Some high school students in Oregon are looking for an academic challenge. Fortunately for them, there’s Baker Early College. The public charter school’s dual enrollment program is giving a leg-up to high school students who are ready for college. 

“A lot of these students are really driven and motivated and they’re really excited about the possibility of moving on and reaching their future goals,” described Stephani Rasmussen, an advisor at Baker Early College. “That process is neat to see and be a part of.”

How does Baker Early College, which Niche.com recently ranked the best charter high school in Oregon, inspire students to take their enthusiasm to the next level? 
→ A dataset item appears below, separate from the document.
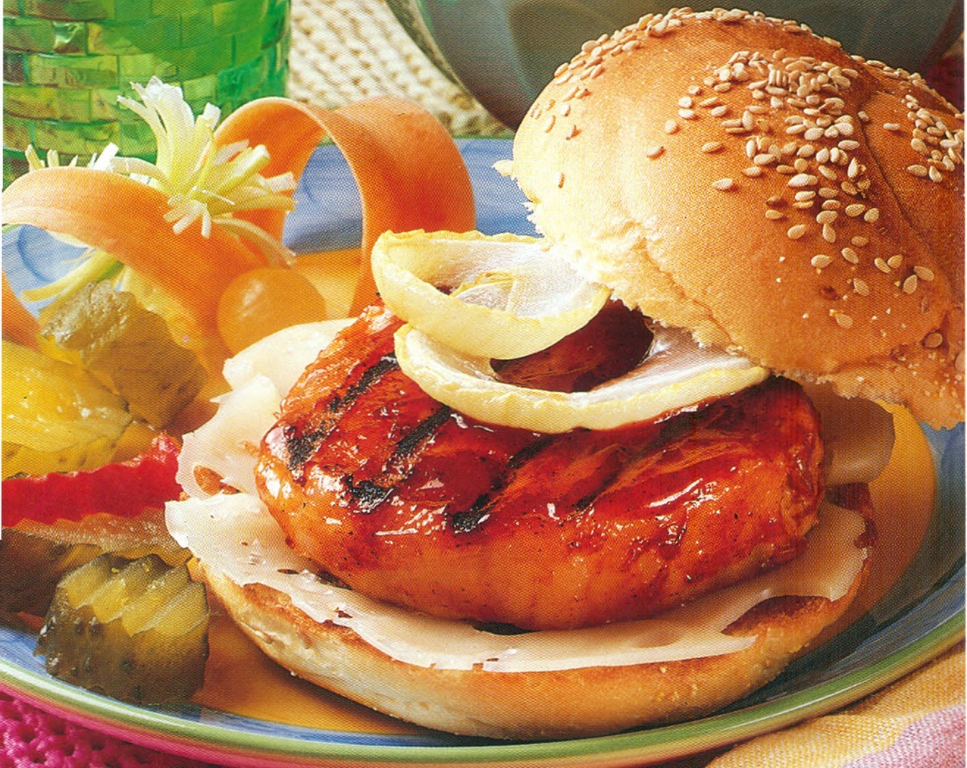 Mager grillet svinekotelet med løgringe er en velsmagende afveksling til den sædvanlige hamburger.
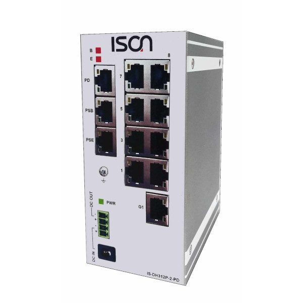 Industrial Din-Rail Unmanaged 12-ports PoE Ethernet Switch with 8x 100 Cooper ports, 1x1000Mbps FX port, 1x1000Mbps PD, 2x1000Mbps PSE port(1xPSE, 1xPSD, Power Budget 60 Watts), Dual 12-58V DC-In, -40...+75 C operating temperature

The school pays for tuition and fees for high school students to take 12 college credits per term. As students complete courses on college campuses, they are guided through the process by advisors like Rasmussen.   

While the school is open to anyone, it’s especially attractive to students who feel ready and eager to start working toward their careers. 

“It’s the kids who would be taking AP classes at a traditional high school,” described another Baker Early College advisor, Kate Scheideman. “Rather than having to take the AP class and the exam that they have to pay for and may or may not pass, they get to take the class directly at the community college with guaranteed credit awarded.”

The school empowers students with “three-layer advising,” which means advisors help students think through high school goals, undergraduate goals, and graduate school or post-college goals.

“We’re trying to help facilitate as much as we can to get them to their end goal,” said Scheideman. “A lot of our students are high-achieving kids who want to be doctors, lawyers, and dentists. Helping them now knock out as much of that as possible is one of our key goals.”

But it’s not just high-achievers who find happiness at Baker Early College. For other students, Baker Early College represents a safe, supportive environment in which to begin exploring college.  

“I’ve had several students who I don’t think anybody in their home ever really talked to about college,” said Rasmussen. “College is not something they even thought was a possibility. To see them be successful, to have that extra support system where it’s okay to fail and try again— that’s something that’s really been rewarding.”

The dual enrollment program offers high school students an exciting dose of independence.  At the same time, advisors like Scheideman and Rasmussen play a valuable role in ensuring students receive the support they need to succeed. 

For Baker Early College advisor Robert Williams, it’s knowing the headstart he is helping students gain that makes his job worth it.

“I always wish this program existed back when I was in high school,” Williams said. “What these students are doing in the dual enrollment is knocking out a lot of core classes. That’s such a benefit to them long term because then they can start their upper division coursework or get closer to their end goal.”  

Baker Early College staff

Daniel Huld, Baker Early College’s superintendent, is the first to say that Baker is not for every student. But for hundreds of them, it’s a shortcut to pursuing their passion.  

“For education systems to be successful, you have to have charter options, online options, early college options, alternative schools, traditional schools,” said Huld. “Through that and through allowing each one of those environments to specialize, you can meet more student needs.”